From this it can be shown that: (sticking in ## \hat{O} = [\hat{A},\hat{H}] ##
$$d\frac{[\hat{A},\hat{H}]}{dt} =(E_{n}-E_{m}) exp\bigg[-i\frac{(E_{n}-E_{m})t}{\hbar}\bigg] \bigg( -\frac{i \hat{A_{mn}} (E_{n}-E_{m})}{\hbar} + \frac{d \hat{A_{mn}}}{dt}\bigg)$$
But simultaneously, it is also possible to prove that: (as we'd expect from Ehrenfest anyhow)
$$\frac{d\hat{A_{mn}}}{dt} = -\frac{i}{\hbar} [\hat{A_{mn}},\hat{H}]$$
Where ## \hat{H}## is the Hamiltonian, and ##\hat{A}## some general Hermitian operator.

This is an issue, since if ## [\hat{A},\hat{H}] =0 ## we have simultaneously:
$$\frac{d \hat{A_{mn}}}{dt} = 0$$
and
$$\frac{d\hat{A_{mn}}}{dt} = i \frac{\hat{A_{mn}}}{\hbar} (E_{n}-E_{m})$$

## The Attempt at a Solution

This is a problem I made up and got stuck with! I think the resolution should be fairly trivial, but I can't see it - I'd bet that there is probably a simpler way of looking at this using Dirac notation, but I don't really know that very well...

Thanks!

bananabandana said:
$$d\frac{[\hat{A},\hat{H}]}{dt} =(E_{n}-E_{m}) exp\bigg[-i\frac{(E_{n}-E_{m})t}{\hbar}\bigg] \bigg( -\frac{i \hat{A_{mn}} (E_{n}-E_{m})}{\hbar} + \frac{d \hat{A_{mn}}}{dt}\bigg)$$
The LHS is an operator while the RHS is a scalar function, is such an equation possible? I would like to know how you obtained it in the first place?

Ah, ## [\hat{A},\hat{H}]## should in fact read ## [\hat{A}, \hat{H}]_{mn}## But otherwise:

$$[\hat{A},\hat{H}]_{mn} = exp\bigg( i \frac{(E_{m} -E_{n})t}{\hbar} \bigg) \int u^{*}_{m}(x) [\hat{A},\hat{H}] u_{n}(x) \ dx$$
$$= exp\bigg( i \frac{(E_{m} -E_{n})t}{\hbar} \bigg) (E_{n}-E_{m}) \int u^{*}_{m}\hat{A}u_{n}$$
Where the second line follows from that Hermitian nature of the operators, ( ## \int \phi^{*} \hat{H}\hat{A} \psi \ dx = \int (\hat{A}\hat{H}\phi)^{*}\psi dx ##)

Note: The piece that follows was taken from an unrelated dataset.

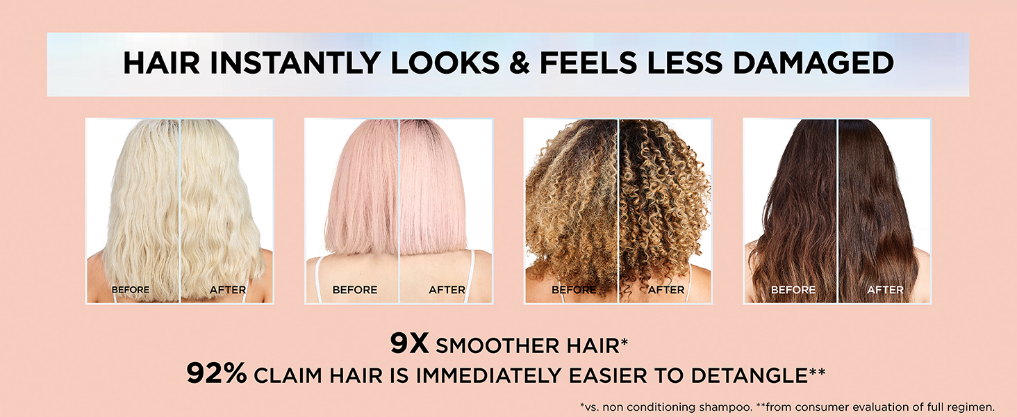 When hair is colored, bleached and damaged it can become weak from within. EverPure Bond Repair system with citric acid penetrates inside the hair cortex to rebuild weak hair bonds. Repairs hair in just one use with system. Scientifically proven to strengthen hair and reduce breakage. For smoother hair than with the number one prestige routine*.*on wet (damaged) hair in instrumental test. Leading prestige routine based on NPD full year data.
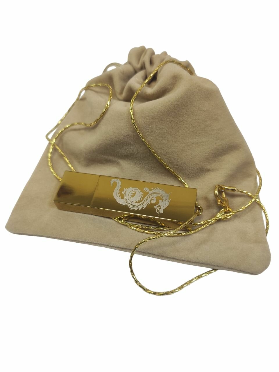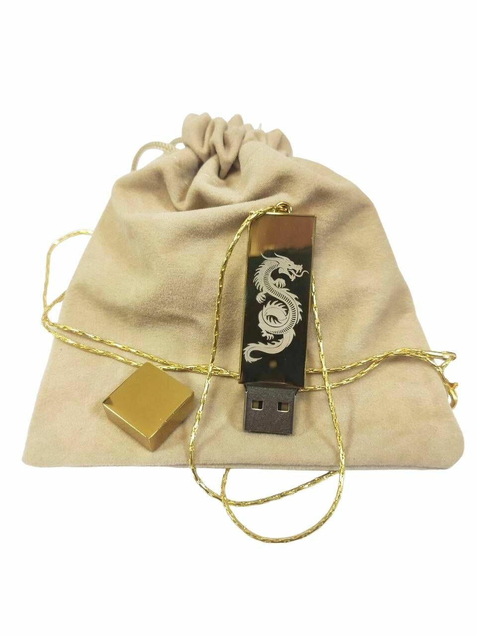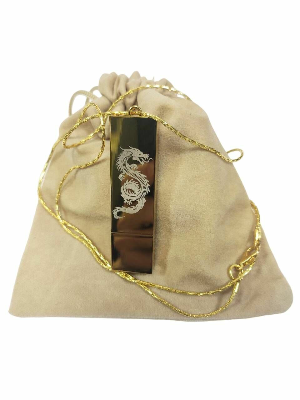 Купить Подарочный USB-флеш-накопитель подвеска на цепочке с гравировкой дракон золото 256GB USB 3.0, с бархатным мешочком с доставкой по всей России.

Differentiating that under the integral sign ( right phrase? I mean - ## \frac{d}{dt}\int \rightarrow \int \frac{\partial}{\partial t} ##) with respect to ##t## gets the result shown.

About the ##[\hat{A},\hat{H}]## vs. ## [\hat{A},\hat{H}]_{mn}## I think, given that any arbitrary wave function can be expanded out in terms of the eigenstates of energy, we can still get the result in general for the expectation commutator? I mean, if we do:

$$\int \psi^{*}(x,t) [\hat{A},\hat{H} ] \psi(x,t) dx$$

and write $$\psi = \sum c_{n}u_{n}(x)exp(-\frac{E_{n}t}{\hbar})$$
Then, if the commutator ## [\hat{A},\hat{H}] = 0## then the integral must be zero, meaning that each term in $n$ individually yields zero, which gives us a sum of exponentials [Setting third eq'n in first posting = 0]...

Does that make sense?

Thanks!

This equation
$$\frac{d\hat{A_{mn}}}{dt} = -\frac{i}{\hbar} [\hat{A_{mn}},\hat{H}]$$
doesn't look right to me. ##A_{mn}## which appears in the derivative depends on ##t## internally, e.g. oscillating electric field, hence it does not need to obey the Heisenberg equation of motion. Given Heisenberg equation of motion for a time-independent operator ##O##
$$\frac{d}{dt}O_H(t) = -\frac{i}{\hbar} [O,\hat{H}]$$
where ##O_H(t) = U^\dagger O U##. On the other hand, ##A_{mn}(t)## in the first equation clearly is not defined this way because the dependence on time is already inherent in the physical quantity represented by the operator itself.

blue_leaf77 said:
This equation
$$\frac{d\hat{A_{mn}}}{dt} = -\frac{i}{\hbar} [\hat{A_{mn}},\hat{H}]$$
doesn't look right to me. ##A_{mn}## which appears in the derivative depends on ##t## internally, e.g. oscillating electric field, hence it does not need to obey the Heisenberg equation of motion. Given Heisenberg equation of motion for a time-independent operator ##O##
$$\frac{d}{dt}O_H(t) = -\frac{i}{\hbar} [O,\hat{H}]$$
where ##O_H(t) = U^\dagger O U##. On the other hand, ##A_{mn}(t)## in the first equation clearly is not defined this way because the dependence on time is already inherent in the physical quantity represented by the operator itself.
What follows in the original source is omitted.